On Sun, Jan 29, 2012 at 02:49, Mathias Gaunard <mathias.gaunard@ens-lyon.org
wrote:
On 01/28/2012 08:48 PM, Yakov Galka wrote:
The user can just write
cout<< u8"您好世界";
Even better is:
cout<< "您好世界";
which *just works* on most compilers (e.g. GCC: http://ideone.com/lBpMJ) and needs some trickery on others (MSVC: save as UTF-8 without BOM).
No, that's just wrong. That's not the model that C++ uses. By not storing it with the BOM, you're essentially tricking MSVC into believing it is ANSI (windows-1252 on western systems), and thus avoiding source character set to the execution character set, since those happen to be the same.
The way a C++ compiler is supposed to work is that all of your source is in the source character set, regardless of the type of string literal you use. Then the compiler will convert your source character set to the execution character set for narrow string literals, to the wide execution character set for wide string literals, to UTF-8 for u8 literals, etc.
Sorry for not being clear enough. I agree and I've not said otherwise. The second 'cout' line *is* a hack. I admit it won't work if you mix such string literals with wide literals or external identifiers containing Unicode. The intent was to show how it could be done if the effort was focused on making narrow string literals "Unicode compatible". [...] What probably should be done is that compilers should be compelled to
support UTF-8 as the source character set in a unified way.
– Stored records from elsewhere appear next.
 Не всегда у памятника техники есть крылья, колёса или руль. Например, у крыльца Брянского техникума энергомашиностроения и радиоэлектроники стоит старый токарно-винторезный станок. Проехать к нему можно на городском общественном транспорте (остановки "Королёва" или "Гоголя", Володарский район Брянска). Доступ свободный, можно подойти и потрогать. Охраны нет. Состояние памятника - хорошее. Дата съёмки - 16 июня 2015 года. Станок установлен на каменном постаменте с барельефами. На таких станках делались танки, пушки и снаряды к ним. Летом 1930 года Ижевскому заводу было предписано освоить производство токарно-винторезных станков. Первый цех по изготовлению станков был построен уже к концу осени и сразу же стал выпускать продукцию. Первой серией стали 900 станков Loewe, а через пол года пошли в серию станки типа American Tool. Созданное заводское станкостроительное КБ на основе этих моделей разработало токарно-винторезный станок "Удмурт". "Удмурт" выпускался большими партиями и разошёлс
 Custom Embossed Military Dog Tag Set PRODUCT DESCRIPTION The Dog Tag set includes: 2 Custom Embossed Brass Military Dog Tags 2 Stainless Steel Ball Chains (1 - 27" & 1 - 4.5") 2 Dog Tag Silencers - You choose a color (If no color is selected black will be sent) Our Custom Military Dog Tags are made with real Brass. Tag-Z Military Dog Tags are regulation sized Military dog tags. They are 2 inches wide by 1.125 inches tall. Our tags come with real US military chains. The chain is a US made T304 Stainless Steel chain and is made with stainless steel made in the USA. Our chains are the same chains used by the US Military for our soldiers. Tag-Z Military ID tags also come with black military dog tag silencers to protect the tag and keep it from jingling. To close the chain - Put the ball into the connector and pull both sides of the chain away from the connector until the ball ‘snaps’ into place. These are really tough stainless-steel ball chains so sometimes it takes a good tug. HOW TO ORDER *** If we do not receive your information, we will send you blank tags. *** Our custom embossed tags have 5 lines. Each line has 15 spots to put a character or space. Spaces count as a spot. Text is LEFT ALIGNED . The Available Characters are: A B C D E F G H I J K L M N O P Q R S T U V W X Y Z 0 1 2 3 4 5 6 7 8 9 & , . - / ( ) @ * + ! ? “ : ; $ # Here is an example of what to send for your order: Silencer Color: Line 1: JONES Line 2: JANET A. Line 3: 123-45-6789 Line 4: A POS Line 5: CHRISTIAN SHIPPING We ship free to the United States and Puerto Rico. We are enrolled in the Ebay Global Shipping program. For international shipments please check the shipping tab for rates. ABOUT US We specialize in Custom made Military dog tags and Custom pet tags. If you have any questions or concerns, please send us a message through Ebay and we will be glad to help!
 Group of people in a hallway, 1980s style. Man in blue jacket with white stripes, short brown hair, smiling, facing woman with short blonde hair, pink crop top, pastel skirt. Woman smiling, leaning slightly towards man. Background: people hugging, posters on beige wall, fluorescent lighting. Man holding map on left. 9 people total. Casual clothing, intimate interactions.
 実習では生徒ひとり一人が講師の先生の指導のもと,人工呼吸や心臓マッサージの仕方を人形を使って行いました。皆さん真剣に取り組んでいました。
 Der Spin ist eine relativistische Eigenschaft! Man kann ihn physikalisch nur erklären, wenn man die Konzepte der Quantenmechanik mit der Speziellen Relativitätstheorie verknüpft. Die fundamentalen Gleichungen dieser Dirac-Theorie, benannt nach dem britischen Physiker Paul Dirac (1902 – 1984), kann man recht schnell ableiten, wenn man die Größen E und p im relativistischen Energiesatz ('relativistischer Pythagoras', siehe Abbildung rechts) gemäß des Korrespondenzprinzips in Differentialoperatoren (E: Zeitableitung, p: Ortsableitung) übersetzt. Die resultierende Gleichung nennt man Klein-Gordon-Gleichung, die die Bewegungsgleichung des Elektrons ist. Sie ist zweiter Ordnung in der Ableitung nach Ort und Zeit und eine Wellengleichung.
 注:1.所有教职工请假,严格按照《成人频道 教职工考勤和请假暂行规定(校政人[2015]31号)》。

Yes, it could be nice. It would solve half the problem, which is a huge step forward given the current mood of the committee. However, embedding Unicode string literals in source code is still not something you routinely do. Internationalization usually uses external string tables. I once asked volodya if it were feasible to implement this in the build
system (add a BOM for MSVC), but he didn't seem to think it was worth it.
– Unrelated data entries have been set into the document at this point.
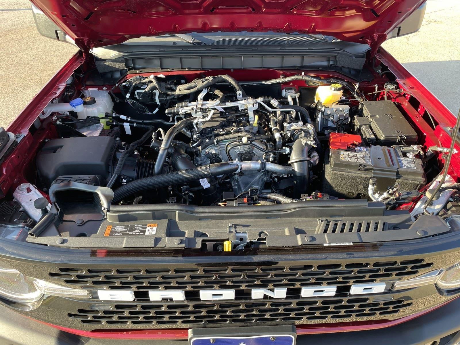 **BLACK DIAMOND PACKAGE** ($4,495 ADD TO MSRP), **SASQUATCH PACKAGE** ($4,180 ADD TO MSRP), **HARD TOP, BLACK-PAINTED** ($2,495 ADD TO MSRP), **10-SPEED AUTO TRANSMISSION** ($1,795 ADD TO MSRP), **EQUIPMENT GROUP 222A** ($1,540 ADD TO MSRP), **BLACK APPEARANCE PACKAGE** ($1,450 ADD TO MSRP), RUBY RED MET TNTD CLEARCOAT, 2.3L, 10-SPEED AUTO TRANSMISSION, 4WD, KEYLESS ENTRY, PUSH BUTTON START, REMOTE START, SYNC®4, SIRIUSXM®, FORDPASS® CONNECT, REAR VIEW CAMERA, POWER HEATED MIRRORS, TOW HOOKS-FRT (2)/REAR (1), HILL START ASSIST, PRE-COLLISION ASSIST W/AEB, LATCH CHILD SAFETY SYSTEM, PERSONAL SAFETY SYSTEM™, PERIMETER ALARM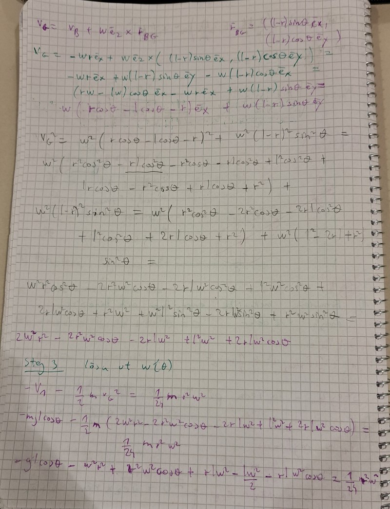 Ok jag förstår inte riktigt vad du gör för att hitta v_G. Men jag antar att man ska hitta (x_g och y_g) som funktion , sen derivera och summera dem och ta sqrt av dessa för att få v_g.  Du har inte besvarat på min fråga i #33 gällande stångens vinkelhastighet.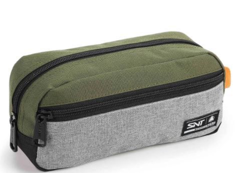 Estojo masculino 100% poliéster. O modelo possui alça superior de mão, puxadores personalizados, divisória principal e bolso frontal.

I don't understand. MSVC already understands BOM, and GCC has already been fixed according to http://gcc.gnu.org/bugzilla/show_bug.cgi?id=33415(didn't test it). On Sun, Jan 29, 2012 at 03:12, Mathias Gaunard <mathias.gaunard@ens-lyon.org
wrote:
I think you should consider the points being made in N3334. While that proposal is in my opinion not good enough, it raises an important issue that is often present with std::string-based or similar designs.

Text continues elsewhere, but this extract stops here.